シカゴを特徴づけているのはその地理的条件である。

ミシシッピ川はミシガン湖近くまで流れ込み、19世紀半ばに10年以上かけてイリノイ・ミシガン運河が開通すると都市化が進んだ。鉄道整備と相まって内陸交通、交易の要になっていく。五大湖工業地帯の一角を占めており20世紀初頭には高層ビルが立ち並ぶアメリカ第2の都市になった。

デトロイトにも言えることだが工業都市は移民や黒人の受け皿になった。サウスサイド地区にはチェコ移民のコミュニティーがあったらしく、ポーランド出身のチェス兄弟がシカゴにやってきたのも無縁ではないだろう。

 

もうひとつシカゴを語る上で忘れられないのが「アウトフィット」(シカゴ・ギャング)の存在だ。元々、ノースサイド、サウスサイドにはストリート・ギャングが存在していた。19世紀末にジェームス・コロシモがシカゴにやってきて勢力を広げた。

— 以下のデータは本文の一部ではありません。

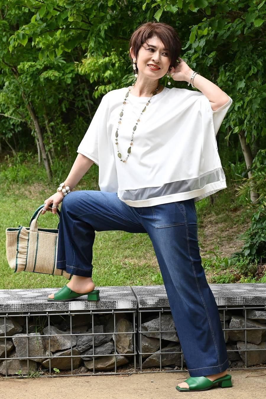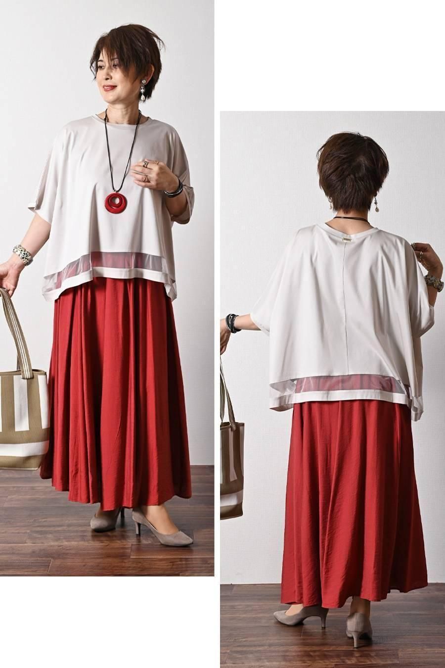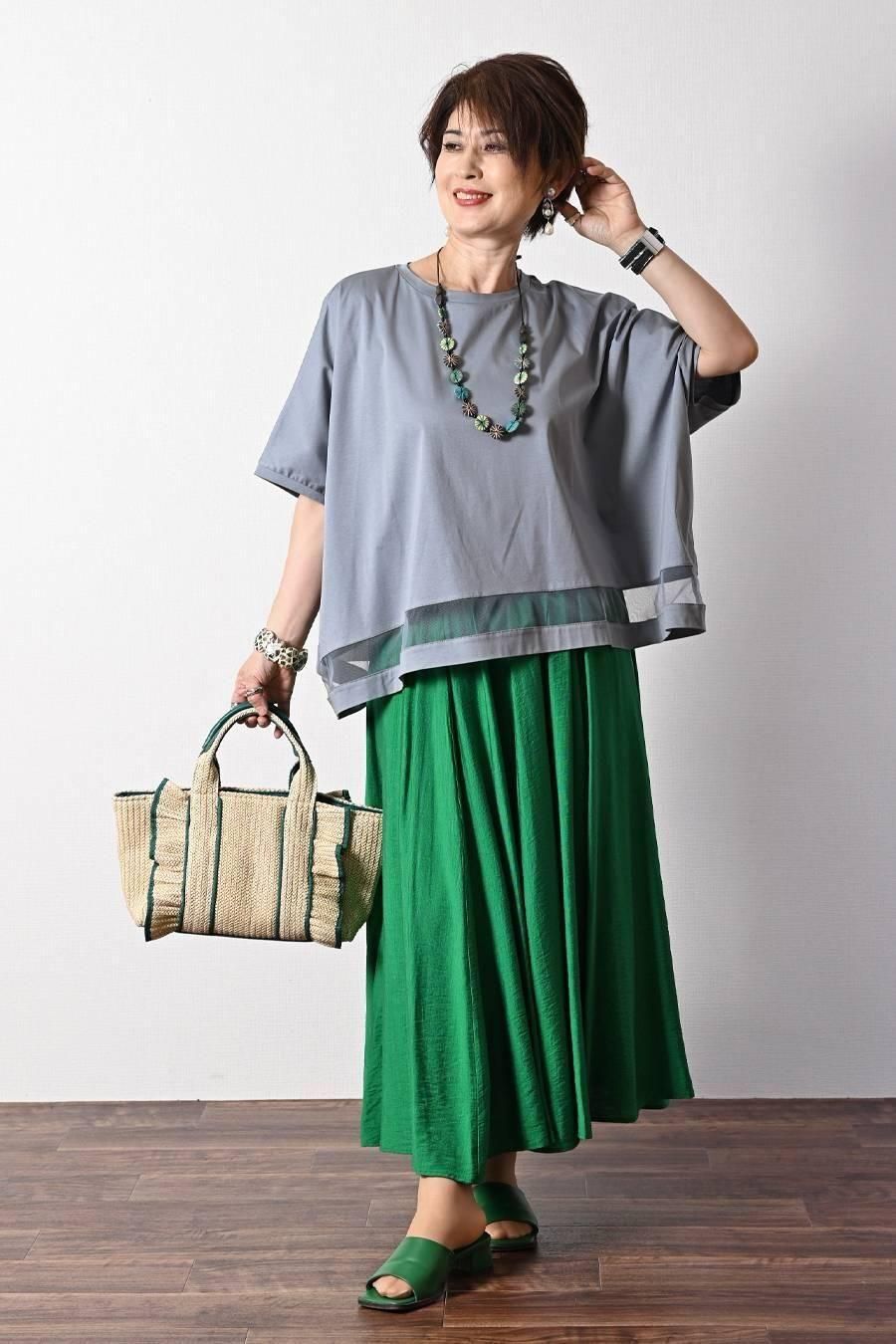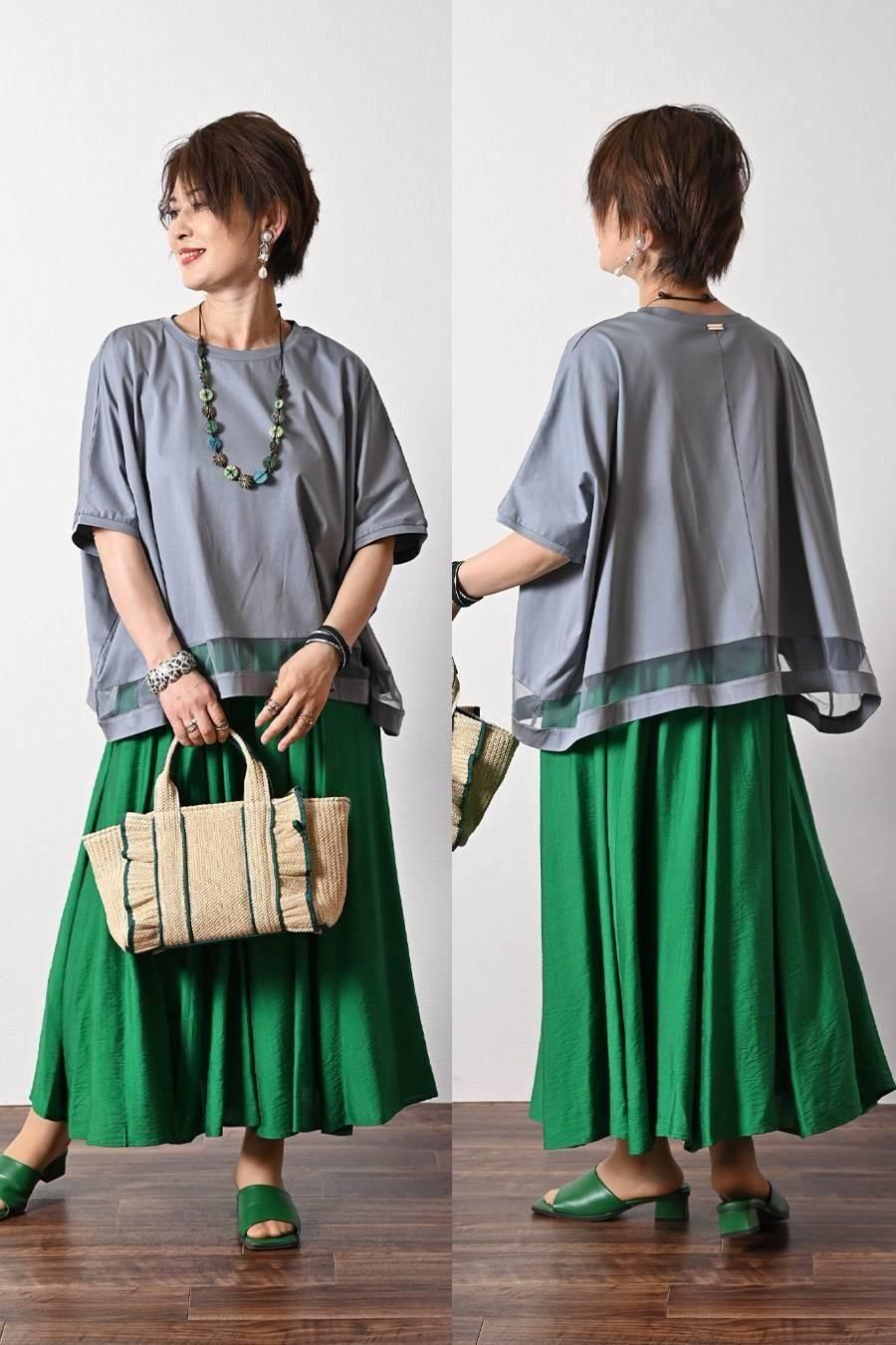 スクエア型ビッグシルエット!ひんやりシルケット チュール切り替えプルオーバー

組織にはジョニー・トーリオやアル・カポネが参入してきた。禁酒法時代には市長ウィリアム・トンプソンと癒着して莫大な利益を上げるようになった。その後はカポネ達のサウスサイド・ギャングとノースサイド・ギャングが抗争を繰り返すようになった。1920年代の禁酒法時代はジャズが北部に広がる時期でもあった。皮肉なことにギャングが経営するクラブやスピークイージーがジャズマンの活動の場になったのだ。こんな話がある。「カポネが経営する会員制クラブ、ゴールド・コーストがあった。深夜カポネが現れるとクラブは貸し切りになる。表は屈強なボディーガードが固めている。カポネのお気に入りはアール・ハインズ楽団だ。演奏が始まり上機嫌になったカポネはバンドスタンドに上がるとミュージシャンのポケットに100ドル札をねじ込んで回った。それを一晩中繰り返していた。」